|  | 1 | 2 | 3 | 4 | 5 | Total |
| Toronto Maple Leafs | 3* | 2* | 2* | 3* | 3* | 4 |
| Montreal Canadiens | 2* | 3* | 1* | 2* | 2* | 1 |
- * – Denotes overtime period(s)
- Location(s): Toronto: Maple Leaf Gardens (1, 2, 5) Montreal: Montreal Forum (3, 4)
- Coaches: Toronto: Joe Primeau Montreal: Dick Irvin
- Captains: Toronto: Ted Kennedy Montreal: Emile Bouchard
- Dates: April 11–21, 1951
- Series-winning goal: Bill Barilko (2:53, OT)
- Hall of Famers: Maple Leafs: Max Bentley (1966) Turk Broda (1967) Fernie Flaman (1990) Ted Kennedy (1966) Harry Watson (1994) Canadiens: Emile Bouchard (1966) Bernie Geoffrion (1972) Doug Harvey (1973) Tom Johnson (1970) Elmer Lach (1966) Bert Olmstead (1985) Maurice Richard (1961) Coaches: Dick Irvin (1958, player) Joe Primeau (1963, player)

= 1951 Stanley Cup Final =

1951 ice hockey championship series

The 1951 Stanley Cup Final was contested by the Toronto Maple Leafs and the Montreal Canadiens. The Maple Leafs won the series 4–1, with all five games going into overtime. It was the Toronto franchise's ninth Stanley Cup win and the last in a series of six wins starting in 1942. It was the first appearance in a string of ten consecutive appearances by the Canadiens.

==Paths to the Finals==
Toronto defeated the Boston Bruins 4–1 to reach the Finals. Montreal defeated the defending champion Detroit Red Wings 4–2 to reach the Finals.

==Game summaries==
For the first, and as of today, only time in NHL playoff history, every game went into overtime in this series. Bill Barilko scored the Cup-winning overtime goal, his last goal in the NHL as he would die in a plane crash during the summer.

==Stanley Cup engraving==
The 1951 Stanley Cup was presented to Maple Leafs captain Ted Kennedy by NHL President Clarence Campbell following the Maple Leafs 3–2 overtime win over the Canadiens in game five.

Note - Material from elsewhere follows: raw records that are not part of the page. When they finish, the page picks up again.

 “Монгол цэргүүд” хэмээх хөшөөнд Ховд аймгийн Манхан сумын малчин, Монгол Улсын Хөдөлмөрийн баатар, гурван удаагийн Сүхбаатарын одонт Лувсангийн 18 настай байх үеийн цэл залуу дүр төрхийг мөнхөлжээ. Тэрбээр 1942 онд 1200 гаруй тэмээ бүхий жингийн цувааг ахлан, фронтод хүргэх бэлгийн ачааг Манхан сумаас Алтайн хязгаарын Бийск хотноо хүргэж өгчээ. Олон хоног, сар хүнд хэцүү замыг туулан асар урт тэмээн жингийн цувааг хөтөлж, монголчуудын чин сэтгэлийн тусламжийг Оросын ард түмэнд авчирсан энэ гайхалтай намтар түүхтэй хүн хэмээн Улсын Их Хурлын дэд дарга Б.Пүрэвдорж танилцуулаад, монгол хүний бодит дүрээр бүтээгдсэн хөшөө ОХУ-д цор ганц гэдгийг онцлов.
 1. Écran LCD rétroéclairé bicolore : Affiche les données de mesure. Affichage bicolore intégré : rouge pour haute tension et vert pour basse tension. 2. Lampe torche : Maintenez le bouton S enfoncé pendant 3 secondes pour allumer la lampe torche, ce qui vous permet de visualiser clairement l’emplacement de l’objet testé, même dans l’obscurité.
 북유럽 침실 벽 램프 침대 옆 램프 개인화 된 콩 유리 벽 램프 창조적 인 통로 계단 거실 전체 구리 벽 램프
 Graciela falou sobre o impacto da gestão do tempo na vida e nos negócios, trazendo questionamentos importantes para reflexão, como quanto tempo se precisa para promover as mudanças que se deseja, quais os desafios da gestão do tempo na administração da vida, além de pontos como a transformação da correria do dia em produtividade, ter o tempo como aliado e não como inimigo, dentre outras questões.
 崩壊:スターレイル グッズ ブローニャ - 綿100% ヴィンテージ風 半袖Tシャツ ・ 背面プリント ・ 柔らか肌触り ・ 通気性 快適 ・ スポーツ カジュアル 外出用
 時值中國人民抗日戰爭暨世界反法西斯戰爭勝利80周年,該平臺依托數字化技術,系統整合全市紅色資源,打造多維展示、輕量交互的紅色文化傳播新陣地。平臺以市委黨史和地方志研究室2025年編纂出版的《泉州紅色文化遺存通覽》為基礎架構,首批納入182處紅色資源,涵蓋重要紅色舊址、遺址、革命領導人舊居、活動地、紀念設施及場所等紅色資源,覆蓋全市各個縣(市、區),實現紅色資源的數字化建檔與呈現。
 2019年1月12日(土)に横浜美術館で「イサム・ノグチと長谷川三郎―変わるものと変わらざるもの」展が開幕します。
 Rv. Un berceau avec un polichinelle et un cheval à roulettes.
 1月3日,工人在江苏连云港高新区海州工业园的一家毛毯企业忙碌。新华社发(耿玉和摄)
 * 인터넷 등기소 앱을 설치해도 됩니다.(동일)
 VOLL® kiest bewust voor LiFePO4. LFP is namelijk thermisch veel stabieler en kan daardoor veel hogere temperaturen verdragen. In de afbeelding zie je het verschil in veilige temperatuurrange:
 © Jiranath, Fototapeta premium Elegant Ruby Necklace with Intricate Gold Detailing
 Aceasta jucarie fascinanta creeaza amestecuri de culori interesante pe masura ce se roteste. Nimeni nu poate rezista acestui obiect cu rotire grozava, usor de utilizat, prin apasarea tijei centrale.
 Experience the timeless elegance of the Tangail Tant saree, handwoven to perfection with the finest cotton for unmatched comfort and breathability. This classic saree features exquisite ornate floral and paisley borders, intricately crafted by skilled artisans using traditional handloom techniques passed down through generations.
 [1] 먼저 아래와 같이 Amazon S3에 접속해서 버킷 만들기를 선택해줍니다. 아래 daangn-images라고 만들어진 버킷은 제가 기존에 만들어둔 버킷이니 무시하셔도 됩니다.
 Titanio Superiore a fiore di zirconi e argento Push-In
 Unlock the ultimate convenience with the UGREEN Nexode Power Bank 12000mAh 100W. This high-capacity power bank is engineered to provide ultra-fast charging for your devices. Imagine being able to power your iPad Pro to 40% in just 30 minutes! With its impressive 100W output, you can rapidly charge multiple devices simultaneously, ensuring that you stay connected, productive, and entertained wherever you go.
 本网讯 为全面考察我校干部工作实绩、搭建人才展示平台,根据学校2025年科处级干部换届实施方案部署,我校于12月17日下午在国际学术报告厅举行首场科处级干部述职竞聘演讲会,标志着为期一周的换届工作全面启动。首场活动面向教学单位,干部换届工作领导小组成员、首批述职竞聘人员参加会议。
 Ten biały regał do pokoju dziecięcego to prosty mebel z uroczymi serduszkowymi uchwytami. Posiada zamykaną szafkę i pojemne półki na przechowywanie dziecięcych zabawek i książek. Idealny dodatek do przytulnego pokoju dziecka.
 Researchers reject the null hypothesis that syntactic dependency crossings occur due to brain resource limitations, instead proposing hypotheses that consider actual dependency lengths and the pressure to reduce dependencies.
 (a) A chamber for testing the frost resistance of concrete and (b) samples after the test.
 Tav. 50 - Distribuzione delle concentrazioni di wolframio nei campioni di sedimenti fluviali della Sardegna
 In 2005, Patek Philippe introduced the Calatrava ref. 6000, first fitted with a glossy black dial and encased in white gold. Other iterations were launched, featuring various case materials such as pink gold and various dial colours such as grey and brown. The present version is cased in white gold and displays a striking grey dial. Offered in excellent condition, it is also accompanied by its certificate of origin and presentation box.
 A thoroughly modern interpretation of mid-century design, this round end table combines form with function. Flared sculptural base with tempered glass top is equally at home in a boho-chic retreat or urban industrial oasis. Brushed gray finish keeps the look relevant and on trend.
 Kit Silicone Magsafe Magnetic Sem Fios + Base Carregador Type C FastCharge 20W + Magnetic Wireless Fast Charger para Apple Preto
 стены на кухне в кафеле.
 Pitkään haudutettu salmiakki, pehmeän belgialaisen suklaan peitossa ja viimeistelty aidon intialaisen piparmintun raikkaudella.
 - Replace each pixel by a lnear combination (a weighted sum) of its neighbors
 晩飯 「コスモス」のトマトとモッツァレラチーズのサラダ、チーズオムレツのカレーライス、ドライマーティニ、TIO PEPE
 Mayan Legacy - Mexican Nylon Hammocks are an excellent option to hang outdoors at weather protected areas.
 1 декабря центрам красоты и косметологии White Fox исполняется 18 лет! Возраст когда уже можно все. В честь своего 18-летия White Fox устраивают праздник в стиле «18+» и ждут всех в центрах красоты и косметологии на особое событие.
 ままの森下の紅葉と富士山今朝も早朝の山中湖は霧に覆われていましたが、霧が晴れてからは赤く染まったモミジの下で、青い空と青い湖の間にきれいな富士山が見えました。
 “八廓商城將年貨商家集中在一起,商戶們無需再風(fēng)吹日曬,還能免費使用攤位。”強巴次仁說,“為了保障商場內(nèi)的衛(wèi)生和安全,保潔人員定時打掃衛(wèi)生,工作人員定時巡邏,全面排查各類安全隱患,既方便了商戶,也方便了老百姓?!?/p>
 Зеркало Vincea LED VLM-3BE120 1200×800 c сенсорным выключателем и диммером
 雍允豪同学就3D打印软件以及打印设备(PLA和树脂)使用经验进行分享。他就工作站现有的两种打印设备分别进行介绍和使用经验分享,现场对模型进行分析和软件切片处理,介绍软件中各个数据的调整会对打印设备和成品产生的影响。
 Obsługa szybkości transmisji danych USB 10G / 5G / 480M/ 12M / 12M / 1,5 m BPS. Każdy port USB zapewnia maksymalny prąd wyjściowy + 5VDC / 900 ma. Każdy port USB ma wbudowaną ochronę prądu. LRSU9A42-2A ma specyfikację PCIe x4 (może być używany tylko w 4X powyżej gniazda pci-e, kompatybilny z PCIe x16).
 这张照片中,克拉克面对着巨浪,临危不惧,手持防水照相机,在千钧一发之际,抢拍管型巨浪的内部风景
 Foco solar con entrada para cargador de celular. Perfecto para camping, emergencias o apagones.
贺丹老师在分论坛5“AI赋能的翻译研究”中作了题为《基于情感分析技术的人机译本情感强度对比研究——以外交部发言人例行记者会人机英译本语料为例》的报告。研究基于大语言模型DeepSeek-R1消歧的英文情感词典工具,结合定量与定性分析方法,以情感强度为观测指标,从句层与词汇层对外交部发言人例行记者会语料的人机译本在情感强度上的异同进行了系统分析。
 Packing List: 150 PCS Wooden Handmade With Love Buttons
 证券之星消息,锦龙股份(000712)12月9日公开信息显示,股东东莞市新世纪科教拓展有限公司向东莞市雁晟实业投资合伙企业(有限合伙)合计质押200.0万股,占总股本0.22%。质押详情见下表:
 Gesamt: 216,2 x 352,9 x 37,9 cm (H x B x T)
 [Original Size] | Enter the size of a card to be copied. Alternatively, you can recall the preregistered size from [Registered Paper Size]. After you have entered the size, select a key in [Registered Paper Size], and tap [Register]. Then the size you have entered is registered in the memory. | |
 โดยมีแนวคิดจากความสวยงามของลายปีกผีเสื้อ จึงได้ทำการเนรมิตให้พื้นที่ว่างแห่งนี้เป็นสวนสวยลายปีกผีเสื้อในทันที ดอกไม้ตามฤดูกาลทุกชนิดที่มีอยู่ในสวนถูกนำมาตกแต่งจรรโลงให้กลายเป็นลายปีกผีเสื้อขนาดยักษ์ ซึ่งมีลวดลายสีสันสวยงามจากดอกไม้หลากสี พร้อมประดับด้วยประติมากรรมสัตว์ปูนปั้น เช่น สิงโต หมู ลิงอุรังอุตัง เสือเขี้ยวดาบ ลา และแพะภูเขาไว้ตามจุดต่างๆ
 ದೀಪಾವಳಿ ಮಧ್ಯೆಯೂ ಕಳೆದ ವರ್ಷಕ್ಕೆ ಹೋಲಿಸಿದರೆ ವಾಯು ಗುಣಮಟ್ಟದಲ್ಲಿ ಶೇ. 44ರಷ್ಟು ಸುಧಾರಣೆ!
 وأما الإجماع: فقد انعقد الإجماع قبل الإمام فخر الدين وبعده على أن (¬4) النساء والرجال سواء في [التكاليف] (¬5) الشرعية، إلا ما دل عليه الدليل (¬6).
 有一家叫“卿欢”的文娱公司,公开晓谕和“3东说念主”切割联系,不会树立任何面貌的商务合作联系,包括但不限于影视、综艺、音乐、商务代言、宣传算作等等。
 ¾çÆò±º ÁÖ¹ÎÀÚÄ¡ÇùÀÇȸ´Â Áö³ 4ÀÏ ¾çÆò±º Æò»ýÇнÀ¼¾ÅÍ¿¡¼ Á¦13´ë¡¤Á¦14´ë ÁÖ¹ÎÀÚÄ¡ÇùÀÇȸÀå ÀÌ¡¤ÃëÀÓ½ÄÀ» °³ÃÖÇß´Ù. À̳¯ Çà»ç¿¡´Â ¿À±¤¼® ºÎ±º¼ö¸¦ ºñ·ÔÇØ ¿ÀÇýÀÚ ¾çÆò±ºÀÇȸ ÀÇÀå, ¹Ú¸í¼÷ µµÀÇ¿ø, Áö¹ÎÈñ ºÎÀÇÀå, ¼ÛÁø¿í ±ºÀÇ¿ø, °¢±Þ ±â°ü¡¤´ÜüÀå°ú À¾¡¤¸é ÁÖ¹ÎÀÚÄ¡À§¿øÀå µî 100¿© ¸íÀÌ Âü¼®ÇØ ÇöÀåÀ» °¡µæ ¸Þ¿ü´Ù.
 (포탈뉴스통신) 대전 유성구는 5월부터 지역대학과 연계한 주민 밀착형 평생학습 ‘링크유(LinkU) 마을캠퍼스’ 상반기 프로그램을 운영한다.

The following Maple Leafs players and staff had their names engraved on the Stanley Cup

1950–51 Toronto Maple Leafs

===Engraving mistakes===
- Several mistakes happened in the engraving of the names:
  - Gus Mortson's last name was misspelled WORTSON with a "W" instead a "M".
  - Danny Lewicki's last name was misspelled LEWESKI, with two "E"s instead of two "I"s and an "S" instead of a "C".
  - Ted Kennedy's name was misspelled KENNEDYY with an extra "Y". His position as Captain was also left off the Stanley Cup.
  - William A. H. MacBrien's last name was misspelled as McBrien, missing an "A"
  - Elwin "Al" Rollins' first name was misspelled ELVIN with a "V" instead of a "W". The Rollins mistake was not corrected on the Replica Cup created in 1992–93. The other 4 mistakes were corrected on the Replica Cup.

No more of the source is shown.